Understanding Gem Health Status

Each gem in the [Gems] tab shows a health indicator (colored dot) that reflects the gem's maintenance status. gemtracker fetches this data from RubyGems and GitHub APIs to help you assess dependency health:

Health Levels:

• 🟢 HEALTHY - Actively maintained gem

  • Activity within the last year (release or GitHub commit)
  • Multiple maintainers (2+)
  • Regular updates and engagement

• 🟡 WARNING - Gem with maintenance concerns

  • No activity in the last 1-3 years, OR
  • Single maintainer (even if recent activity)
  • May still receive occasional updates

• 🔴 CRITICAL - Potentially dead or unmaintained gem

  • No activity for 3+ years
  • Archived or disabled on GitHub
  • Essentially abandoned

Gem Details include full health statistics:

• Last release date
• GitHub stars and watchers
• Open issues count
• Number of active maintainers
• Archived status (if applicable)

Why Health Matters:

• A "CRITICAL" gem may indicate security risks if vulnerabilities go unpatched
• Unmaintained gems may have compatibility issues with new Ruby/Rails versions
• "HEALTHY" gems are more likely to receive timely security updates
• Different tolerance levels apply: a test-only gem's health matters less than a production core dependency

Note: Health data is fetched asynchronously in the background.

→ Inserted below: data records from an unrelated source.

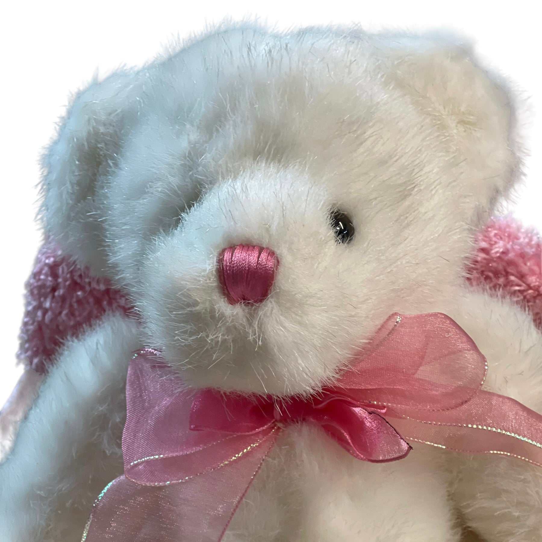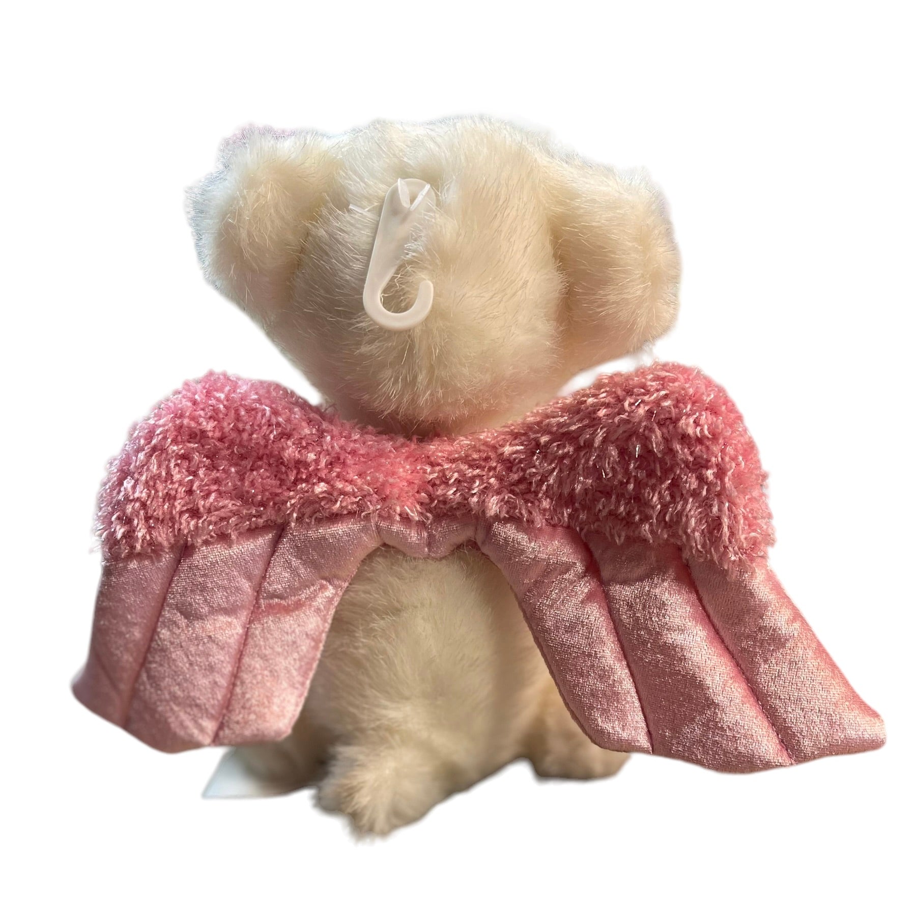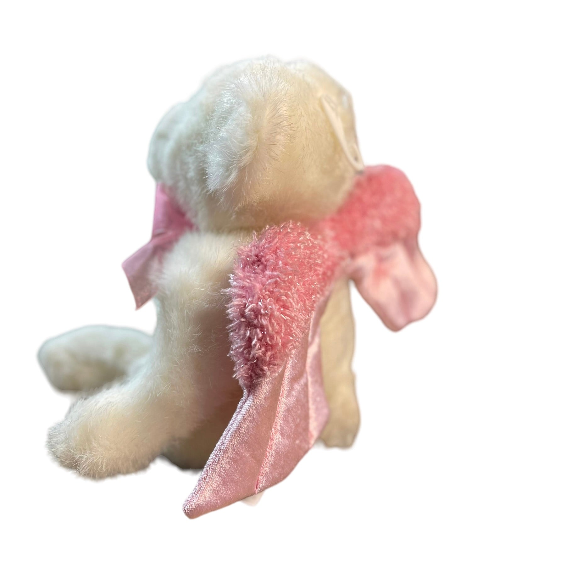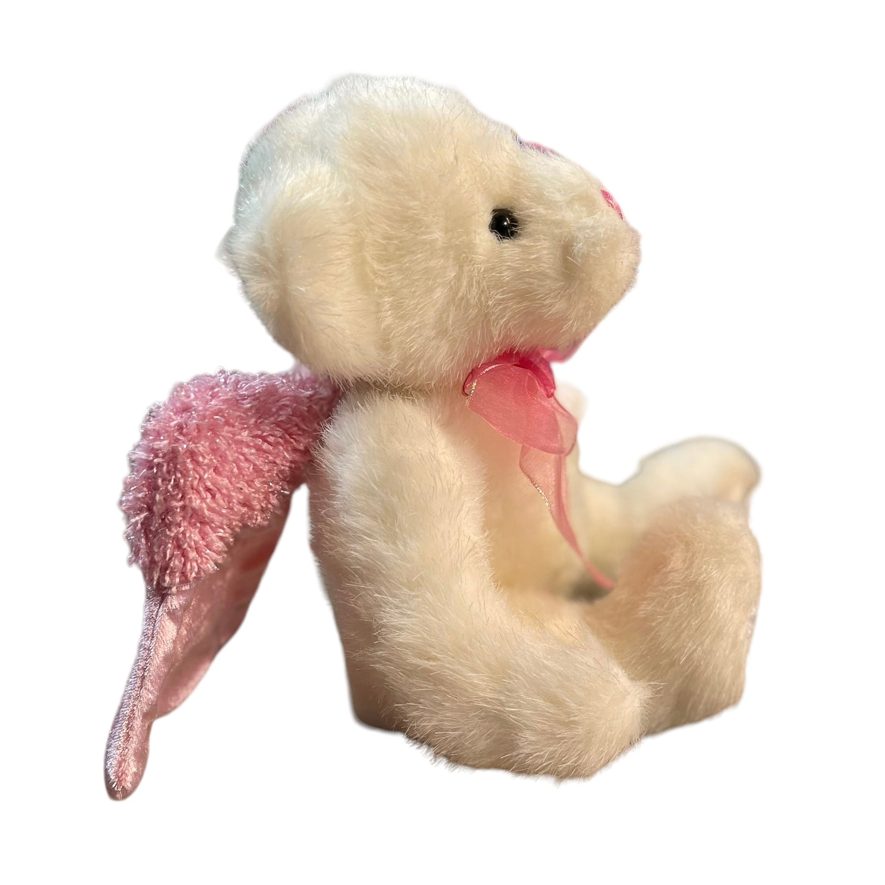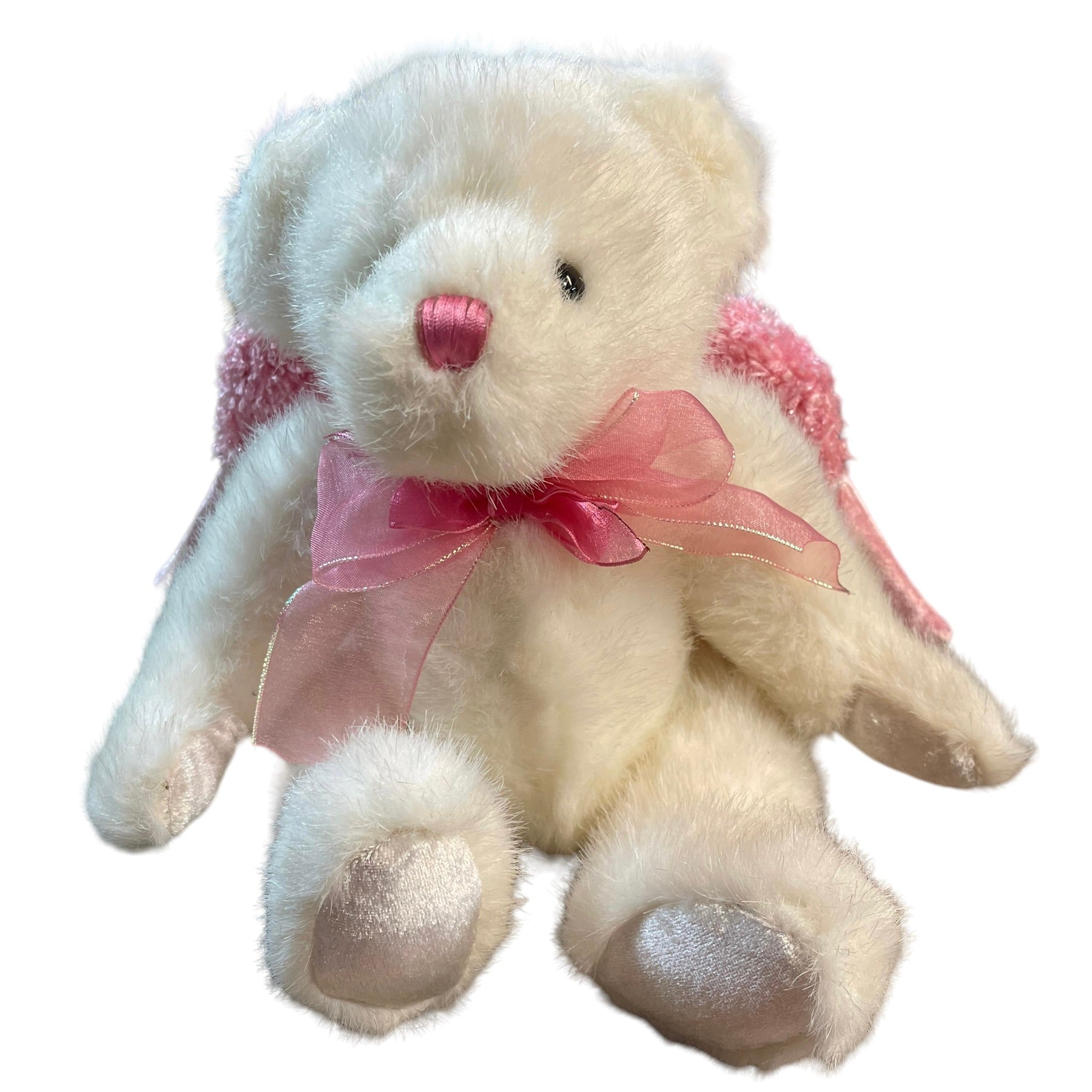 Dandee 10" White & Pink Angel Bear with Sparkly Pink Wings and Pink & white Satin accents. Great Preowned Condition. A beautiful little stuffed animal toy or collectible.
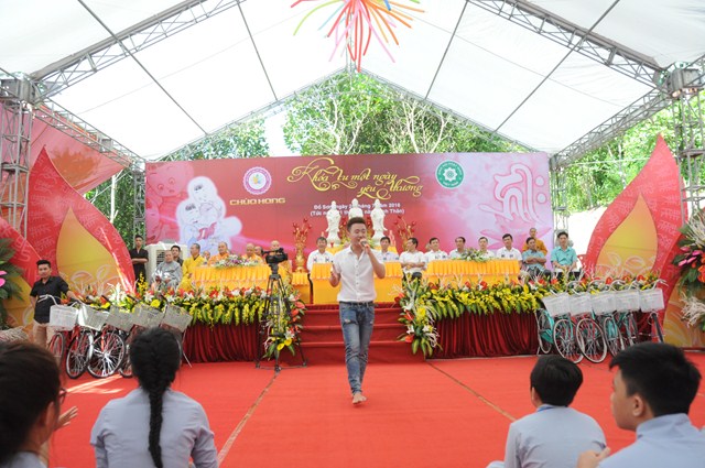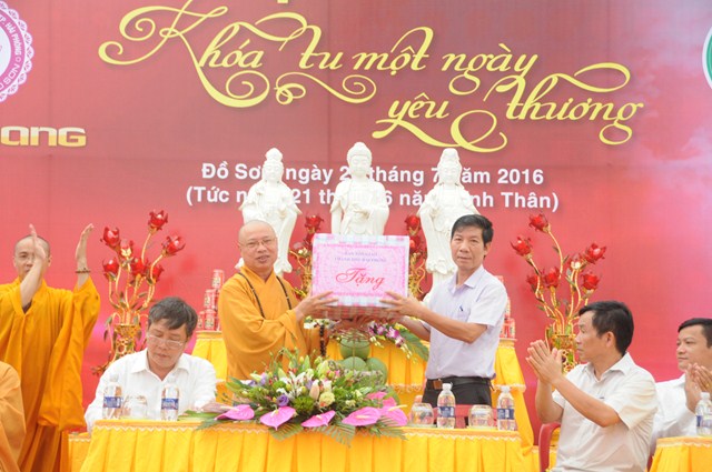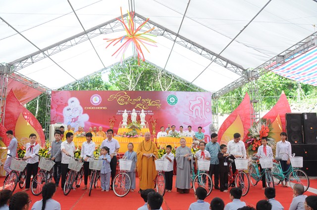 Nhân dịp này, Ban trị sự GHPGVN thành phố Hải Phòng đã trao 10 chiếc xe đạp cho 10 em học sinh nghèo có hoàn cảnh khó khăn, đạt thành tích cao trong học tập của quận Đồ Sơn. Thay mặt cho BTS GHPGVN thành phố Hải Phòng, TT. Thích Thanh Giác, Ni Sư Thích Tâm Chính và đại diện chính quyền của quận Đồ Sơn, phường Vạn Sơn đã lên trao tặng cho các em học sinh những món quà thật ý nghĩa này nhân dịp năm học mới đang gần kể, để các em có phương tiện tới trường, giúp các em và gia đình vơi bớt khó khăn trong cuộc sống.
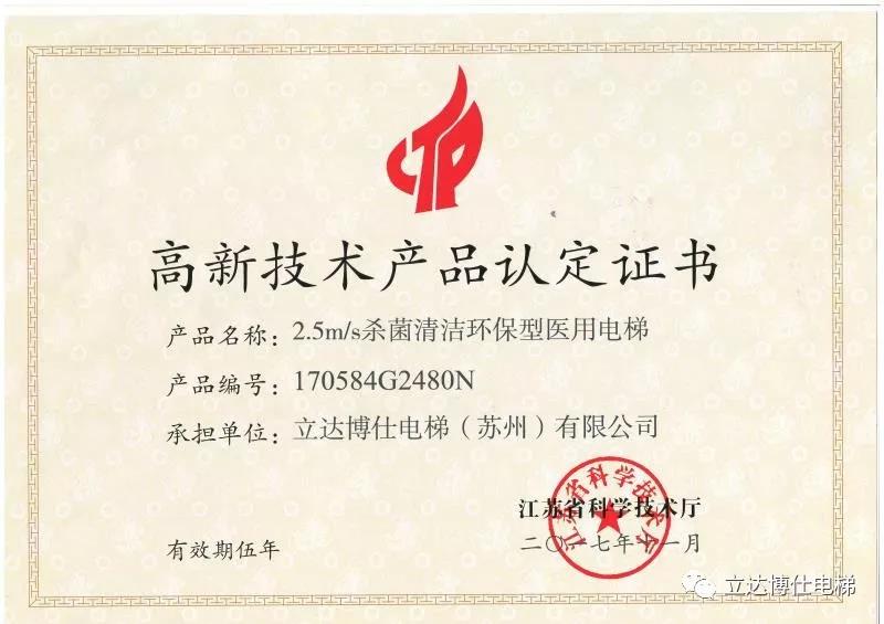 針對醫院等特殊使用環境,立達博仕電梯現有產品體系中已推出“2.5M/S殺菌清潔環保型醫用電梯”,該電梯產品于2017年問世,已安裝于多家醫療單位內。
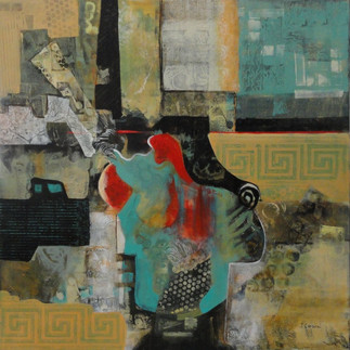 "Line Crossing" - acrylic, 30 x 30, $900 "Backyard Trio" - oil, 20 x 16, $650 "Music of the Mind" - 30 x 30, $900
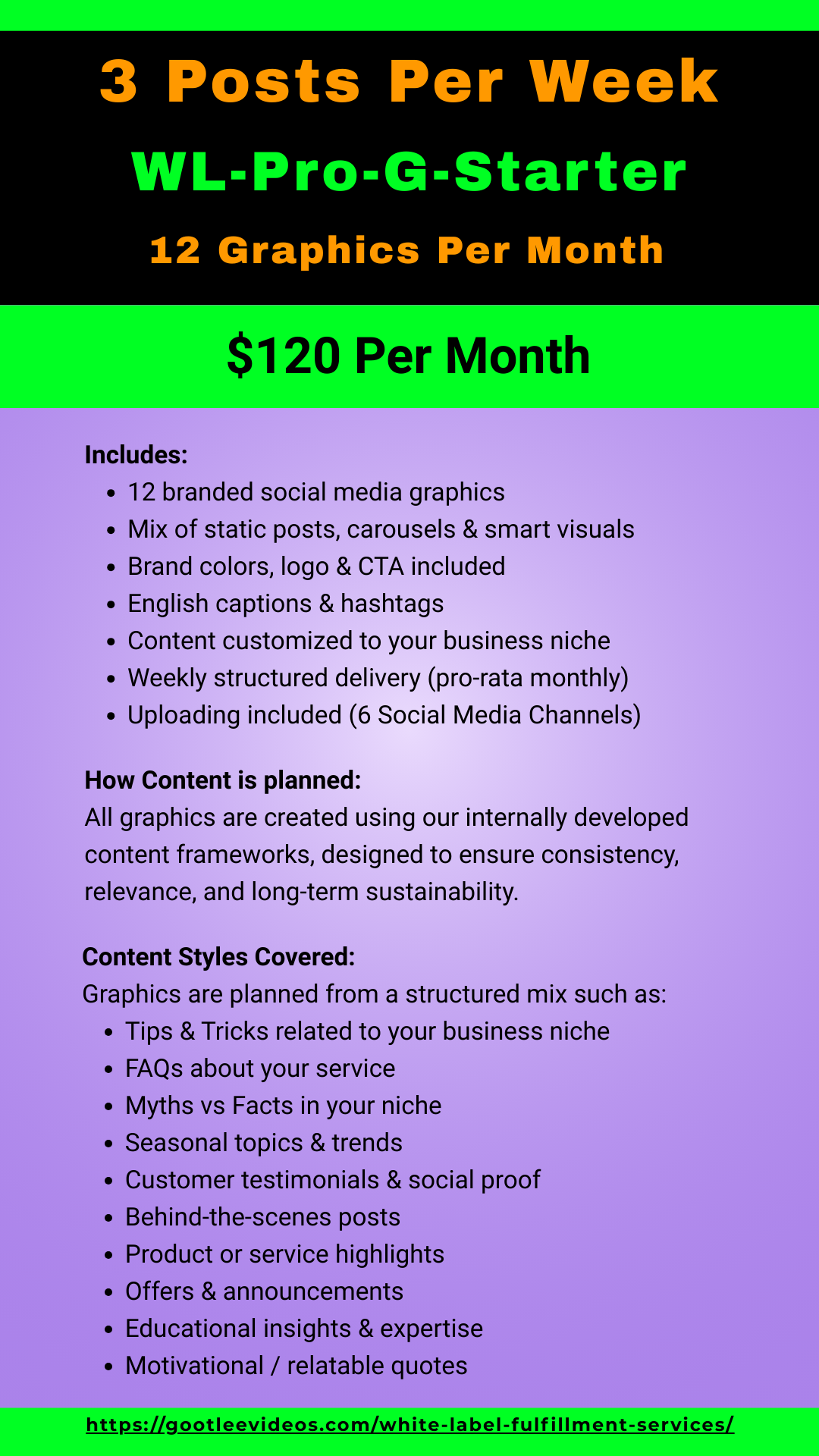 - WL-Pro-G-Starter – 3 Posts Per Week (12 Graphics/month) – $120 per month

If GitHub rate-limited, cached data from the last 24 hours is used.

Performance & Caching

Automatic Analysis Caching

gemtracker automatically caches analysis results for faster subsequent loads:

• Cache Location: ~/.cache/gemtracker/
• Cache Per Project: Each project's Gemfile.lock gets its own cache file
• Smart Invalidation: Cache is automatically invalidated when Gemfile.lock is modified
• No Manual Cleanup: Old cache files are harmless and can be safely ignored

Example with multiple projects:

~/.cache/gemtracker/
├── Gemfile.lock_1234.json    # Project A cache
├── Gemfile.lock_5678.json    # Project B cache
└── Gemfile.lock_9012.json    # Project C cache

When you re-open a project you've analyzed before, if Gemfile.lock hasn't changed, analysis loads instantly from cache ⚡

Cache is refreshed when:

• You run bundle install or bundle update
• You edit your Gemfile (which updates Gemfile.lock)
• The Gemfile.lock file modification time changes

To manually clear cache for a specific project:

rm ~/.cache/gemtracker/Gemfile.lock_*.json

Quick Start

1. Navigate to a Ruby project with Gemfile.lock:

   cd ~/my-rails-app
   

2. Launch gemtracker:

   gemtracker
   

3. Browse gems:

   • [Gems] tab shows all first-level dependencies
   • Press Enter on any gem to see its full dependency tree
   • Check Groups column to assess vulnerability impact

4. Search for specific gems:

   • Press / or click [Search] tab
   • Type gem name to filter in real-time
   • Press Enter to view details

5. Check vulnerabilities:

   • Click [CVE] tab to see all vulnerabilities
   • Filter by gem in [Search] tab
   • Check if vulnerable gems are in production

GitHub API Rate Limits & GITHUB_TOKEN

How gemtracker Uses GitHub

gemtracker fetches repository metadata (push date, stars, issues, archive status) from GitHub to assess gem health. This requires API calls, which have rate limits:

Scenario	Rate Limit	Requests Needed
Without token	60 requests/hour	Up to 189+ (one per gem)
With GITHUB_TOKEN	5,000 requests/hour	1-2 (batched GraphQL)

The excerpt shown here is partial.